What to produce: After locating the line with "historisches Zitat aus", repeat it and every following line to the end of the listing, exactly. Omit the pictures.

Material provided:
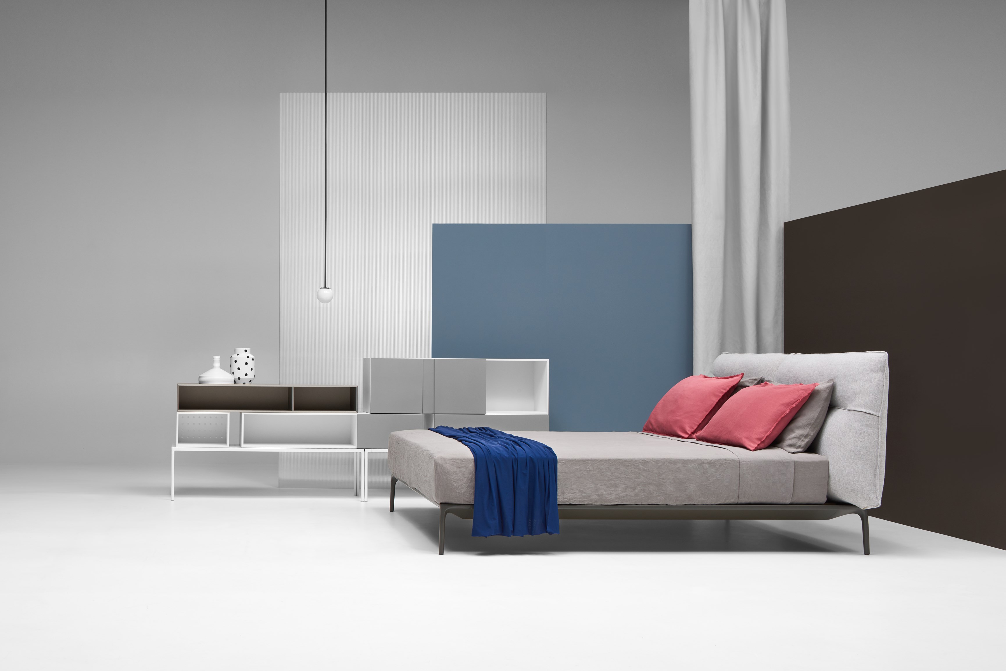 床在不同的版本: •版本具有低床头板 •版本具有高床头板 结构 。在挤压铝,铝压铸腿结构 。在颜色白,灰石和无烟煤灰色的结构绘无光泽 覆 在所述的内饰织物或皮革覆盖床头板的每一个部分,是完全可拆卸的。 如果需要,可选的附加盖是可用的。在皮革所有单位可能,这取决于它们的大小和MDF Italia与自由裁量权,一个或多个接缝。 接缝 这些对比的接缝中的颜色白,中灰和无烟煤,这可以通过在客户端进行选择和组合的表征和识别耶鲁床收集,只为高床头变体。可用的。 板条和矫形平台 承重矫形平台在40x30mm部,粉末涂层。钢管 固定结构,具有在层叠山毛榉厚度板条8mm时,宽度70毫米并装有调节游标。移动光标沿着板条的长度允许在后腰调整刚性区域,并根据个人需求和身体形状调整床形。 骨科平台桦木胶合板,厚度为20mm,涂上水性涂料,与横槽的床垫通风非常支持统一的舒适性,刚性和更好的支持。 注:板条和骨科平台是专门设计为插入在Yale床周边结构中,它们的尺寸减小到适合该床的大小。无法安装倾斜元素。
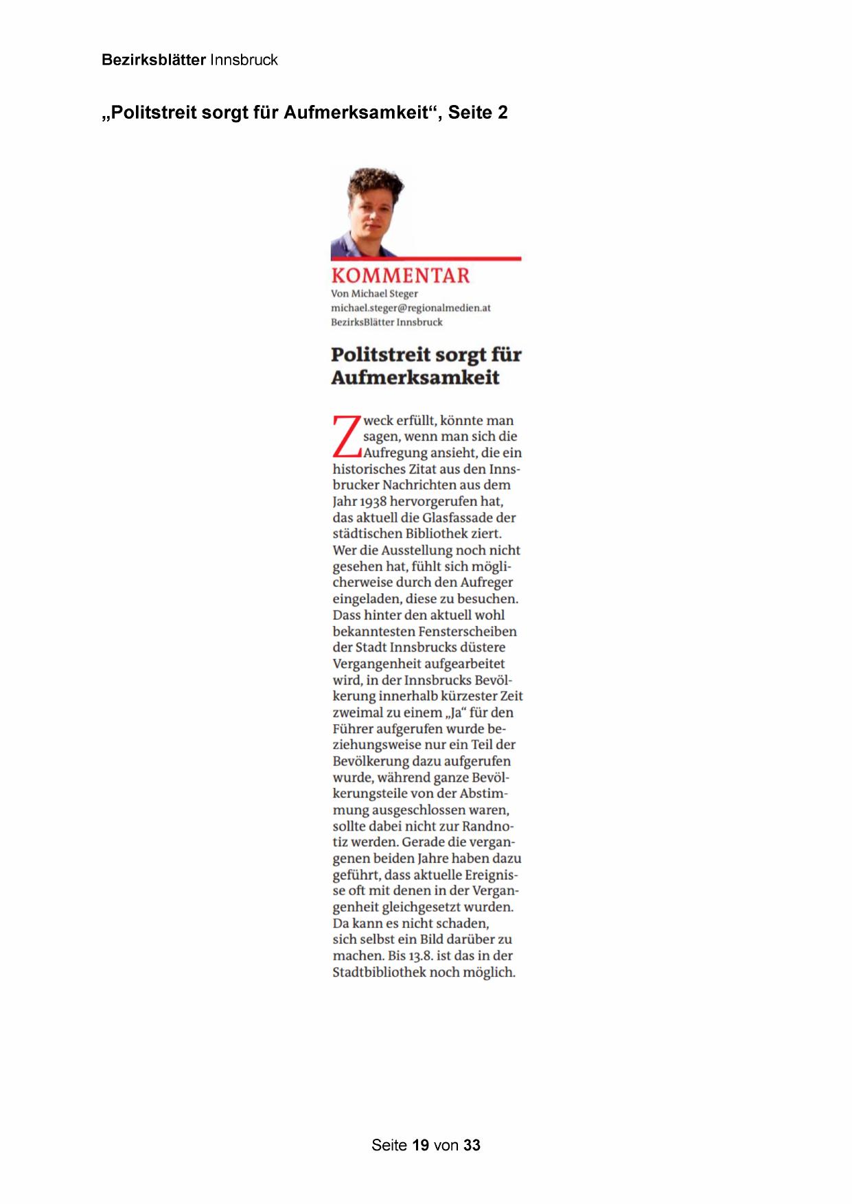 historisches Zitat aus den Innsbrucker Nachrichten aus dem
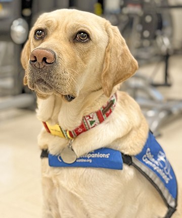 Taryn was raised and trained by Canine Companions for the first two years of her life. It was there she learned the skills required to be a facility service dog. A Canine Companions facility dog is bred to be calm, reliable and affectionate, and is trained to perform over 30 service dog commands, including picking up items, opening doors and providing calming pressure across the lap or body.

Written reply:
 historisches Zitat aus den Innsbrucker Nachrichten aus dem
 Taryn was raised and trained by Canine Companions for the first two years of her life. It was there she learned the skills required to be a facility service dog. A Canine Companions facility dog is bred to be calm, reliable and affectionate, and is trained to perform over 30 service dog commands, including picking up items, opening doors and providing calming pressure across the lap or body.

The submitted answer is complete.